The distribution of Sn and Fe contents in the reduced pellet is also verified by SEM line scan (Figure 9). The results indicate that the contents of Sn and Fe fluctuate slightly inside the iron grains as different Sn-Fe alloys are generated. Their contents change distinctly in the transition area, presenting an opposite variation tendency. Higher iron content was detected in the dark area, while the content of Sn was higher in the gray area. Because different contents of Sn were combined with metallic iron grain, the darker area with lower Sn content was the first precipitation phase during cooling, followed by higher Sn content compounds, and finally the Sn-rich area. It is also indicated that liquid Sn will exist during the reduction, which is consistent with the negligible vapor pressure of metallic tin.

Fig. 9

SEM line scan of the reduced pellet

CONCLUSIONS

The reduction behavior of Sn-bearing iron concentrate pellets by mixed H₂/CO gas was studied.
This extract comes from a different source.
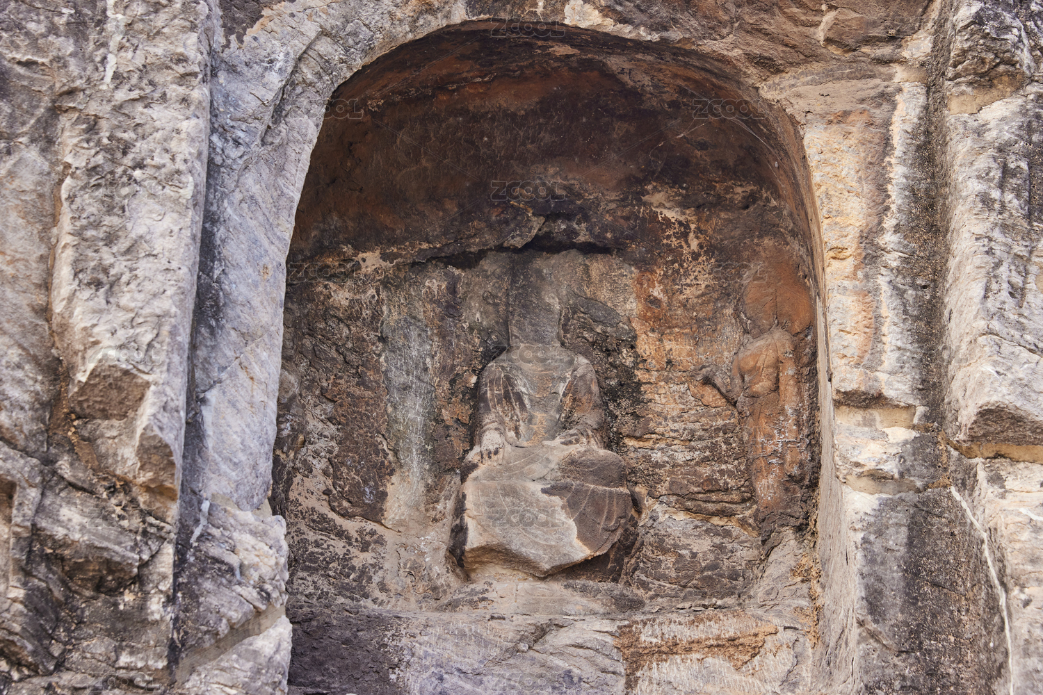 河南洛阳龙门石窟石壁上的佛像

Thermodynamic analysis of the reduction process shows that stannic oxide is easily reduced to metallic tin and the conditions for volatilizing Sn are rigorous. The experimental results reveal that volatilizing tin is feasible via reduction at 1223 K (950 °C) with mixed gas of 5 vol pct H₂, 28.5 vol pct CO, 66.5 vol pct CO₂ (CO/(CO + CO₂) = 30 pct). The residual Sn content is decreased to less than 0.06 pct after 30 minutes. However, it is necessary to further reduce the pellet for preparing DRI. Metallic pellet enriching Sn is demonstrated to be a promising way to effectively use this kind of Sn-bearing ore. The experimental validation for gas-based reduction indicates that only 5.5 pct of Sn is volatilized when reduced at 1223 K (950 °C) for 30 minutes with the mixed gas of 50 vol pct H₂, 50 vol pct CO (CO/(CO + CO₂) = 100 pct). A metallic pellet (Sn-bearing DRI) with Sn content of 0.293 pct, Fe metallization of 93.5 pct, and total iron content of 88.2 pct is prepared, which can be used as a raw material for producing Sn-bearing stainless steel. The reduced tin metal combines with metallic iron to form Sn-Fe alloy or remains as metallic tin in the Sn-bearing DRI.